The purpose of this paper is to examine the experiences of the USA and other nations with developed veterinary infrastructure and identify the critical factors that led the evolution of the US foot-and-mouth disease (FMD) response strategy.
A thorough literature review was conducted, including official reports of US FMD outbreaks and peer-reviewed articles on outbreaks in previously FMD-free countries. Textual analysis was conducted on past and current publicly available US FMD response plans, identifying the use of the term “vaccination” or “emergency vaccination” indicating the potential use of these strategies.

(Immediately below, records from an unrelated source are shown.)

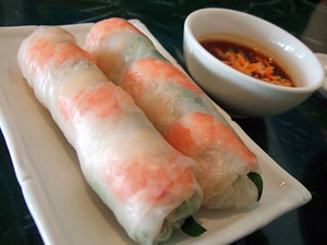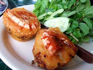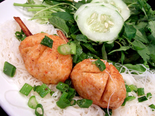 Next up, pictured above, is one of my favorite Vietnamese dishes, chao tom... lovingly referred to in our household as shrimp pops. A thick paste is first made from shrimp, shallots, garlic, pork fat and some other seasonings. This paste is then formed around sugarcane and grilled. It brings to mind my old favorite, the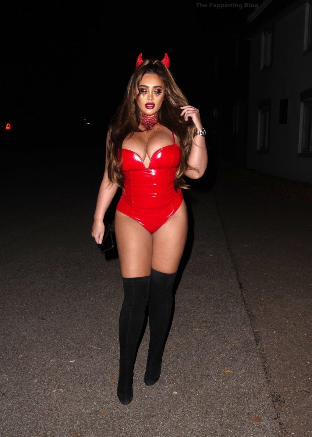 Lauren Goodger se mete en el espíritu de Halloween mientras se la ve saliendo en Essex anoche. La estrella de reality muestra su increíble trasero y escote con un ajustado disfraz de diablo rojo.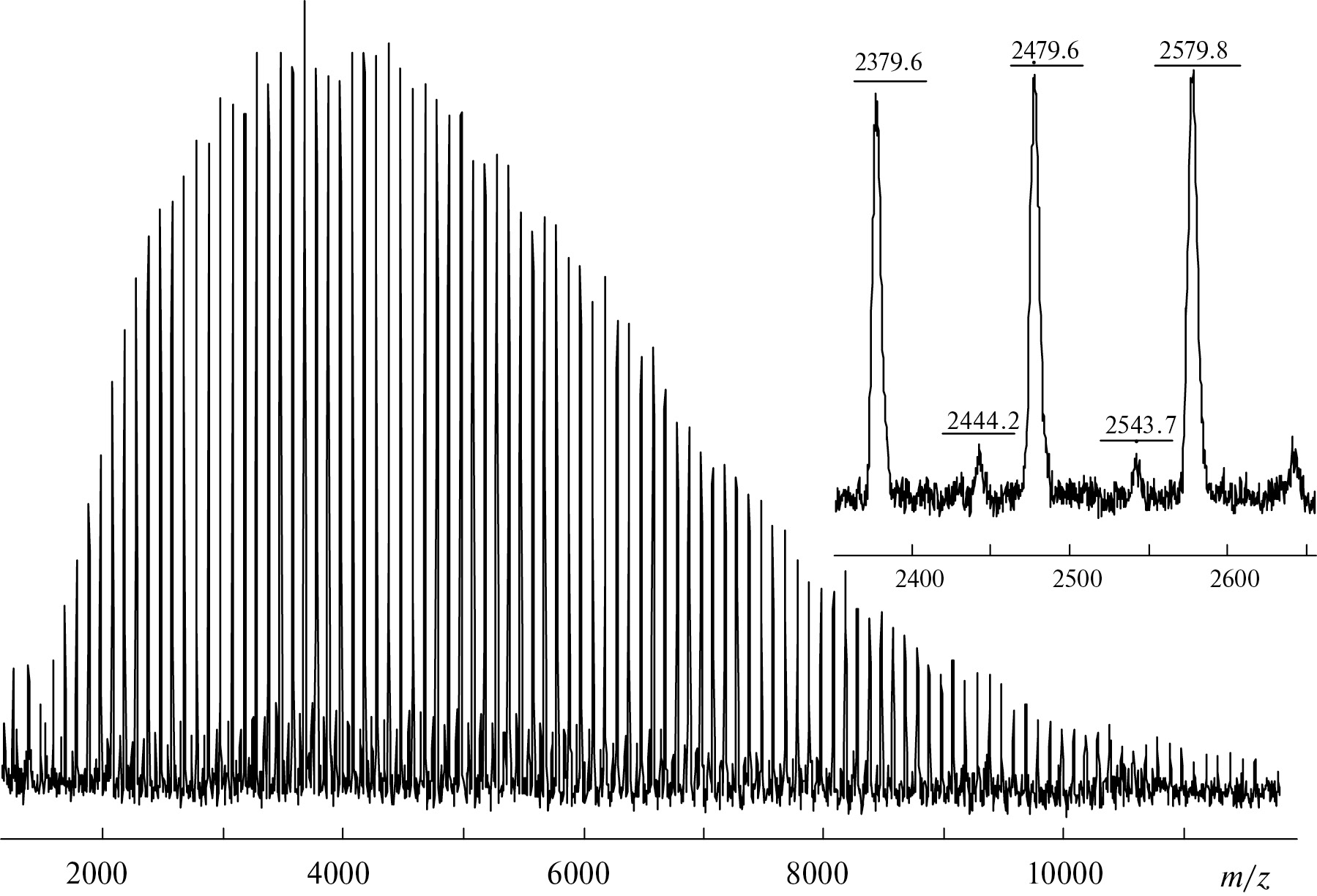 Рис. 1. МАЛДИ масс-спектр ПММА, полученного в присутствии каталитической системы на основе комплекса 2 при 80°С. [MMA] : [CCl4] : [Ru] : [i-PrNH2] = 10000 : 25 : 1 : 40. Матрица – DCTB, ионизирующий агент – трифторацетат натрия.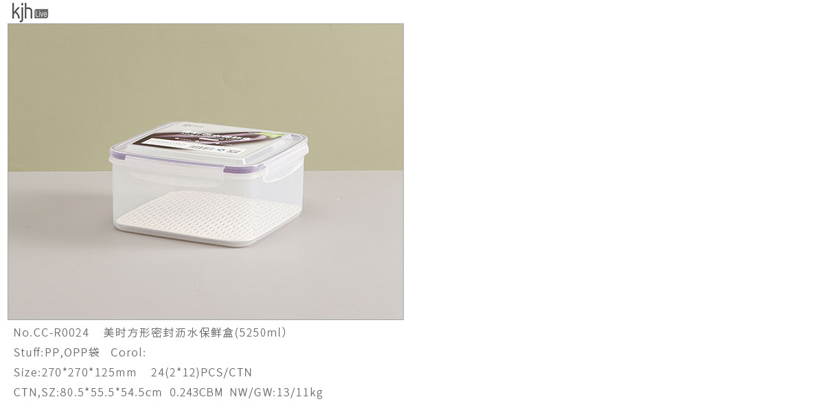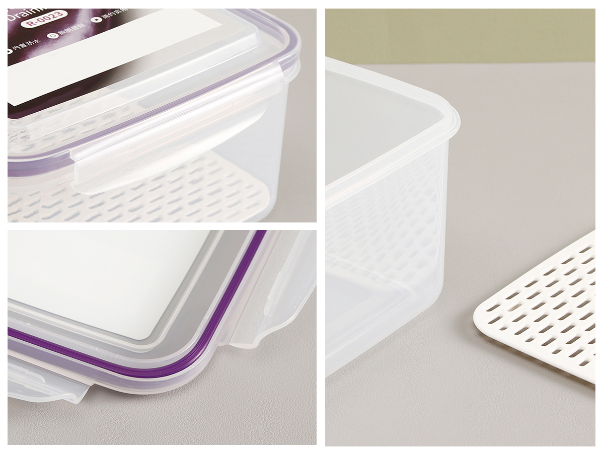 美時(shí)方形密封瀝水保鮮盒(500ml/1100ml/2100ml/3380ml/5250ml)

The USA has shifted from a strategy of exclusively stamping-out to a response strategy that would consider emergency vaccination, including vaccinate to slaughter and vaccinate to live, in any FMD outbreak. The factors that led to this shift in policy include economic factors, the emergence of new vaccine technologies, the changed landscape of the US livestock industry, and the experiences of other typically FMD-free countries.
An outbreak in the USA is likely to rapidly outpace the current capacity for stamping-out. Experience from other FMD outbreaks, and lack of publicly available literature from the USA, indicates that it is critically important that further consideration, sufficient attention, and stakeholder deliberation need to occur to ensure vaccination strategies (to live and to slaughter) are implementable in an outbreak.